Let $X_1,X_2,\ldots$ be i.i.d. Bernoulli random variables with parameter $\frac{1}{4}$. Let $Y_1,Y_2,\ldots$ be another sequence of i.i.d. Bernoulli random variables with parameter $\frac{3}{4}$.Let $N$ be a geometric random variable with parameter $\frac{1}{2}$, i.e. $P(N=k)=\frac{1}{2^k}$ where $k=1,2,\ldots$. Assume the $X_i's,Y_j's$ and $N$ are all independent. Compute $\operatorname{cov}\left(\sum\limits_{i=1}^{N}X_i,\sum\limits_{i=1}^{N}Y_i\right)$.
My try:
See that $\sum X_i\mid N=n \sim \mathsf{Bin}(n,\frac{1}{4})$ and $\sum Y_i\mid N=n \sim \mathsf{Bin}(n,\frac{3}{4})$.
Now, by law of total expectation, $E\left(\sum_\limits{i=1}^{N} X_i\right)=\frac{1}{2}$ and $E\left(\sum\limits_{i=1}^{N} Y_i\right)=\frac{3}{2}$.
But how can I find $E\left(\sum\limits_{i=1}^{N} X_i \sum\limits_{i=1}^{N} Y_i\right)$?

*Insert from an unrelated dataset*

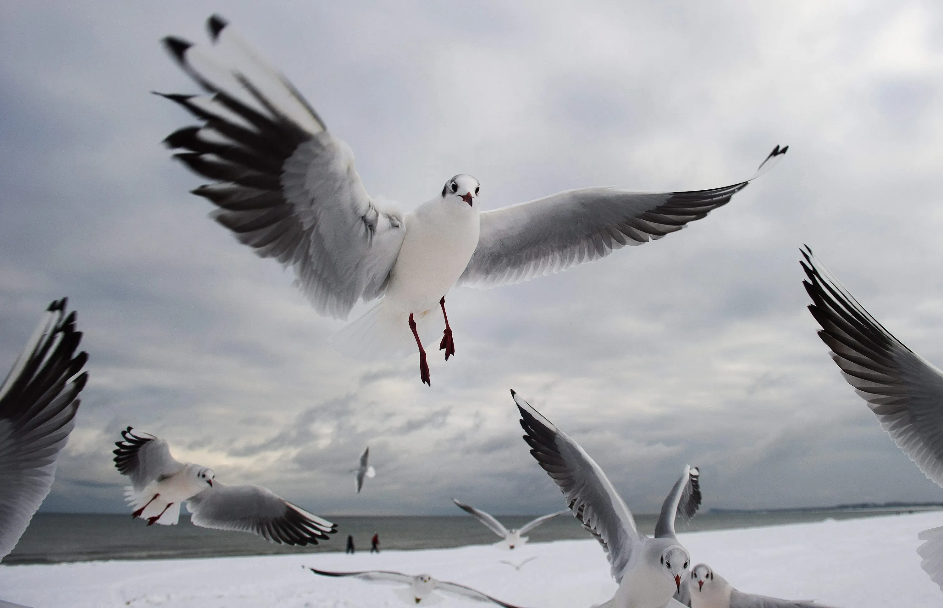 Seagulls fly above a Baltic Sea beach in Karlshagen, Germany, 3 February 2015. (Photo by Stefan Sauer/EPA)

By the same way, law of total expectation gives that $$\mathbb E\left(\sum_{i=1}^{N} X_i\cdot \sum_{i=1}^{N} Y_i\right)=\mathbb E\left(\mathbb E\left(\sum_{i=1}^{N} X_i \cdot \sum_{i=1}^{N} Y_i\biggm| N\right)\right)$$ Since given $N$ both sums are independent, one can write this expression as $$ \mathbb E\left(\sum_{i=1}^{N} X_i\cdot \sum_{i=1}^{N} Y_i\right)=\mathbb E\left(\mathbb E\left(\sum_{i=1}^{N} X_i \biggm | N\right) \cdot \mathbb E\left(\sum_{i=1}^{N} Y_i\biggm| N\right)\right) $$ Next use that given $N$, both sums has binomial distributions and get $$ \mathbb E\left(\sum_{i=1}^{N} X_i\cdot \sum_{i=1}^{N} Y_i\right)=\mathbb E\left( \frac14N\cdot \frac34N\right)=\frac9{16}\mathbb E(N^2)=\frac{9}{16}\left(\text{Var}(N)+(\mathbb E(N))^2\right)=\frac{9}{8}.$$ Finally $$ \textrm{cov}\left(\sum_{i=1}^{N} X_i, \sum_{i=1}^{N} Y_i\right)=\frac{9}{8}-\frac12\cdot\frac32=\frac38. $$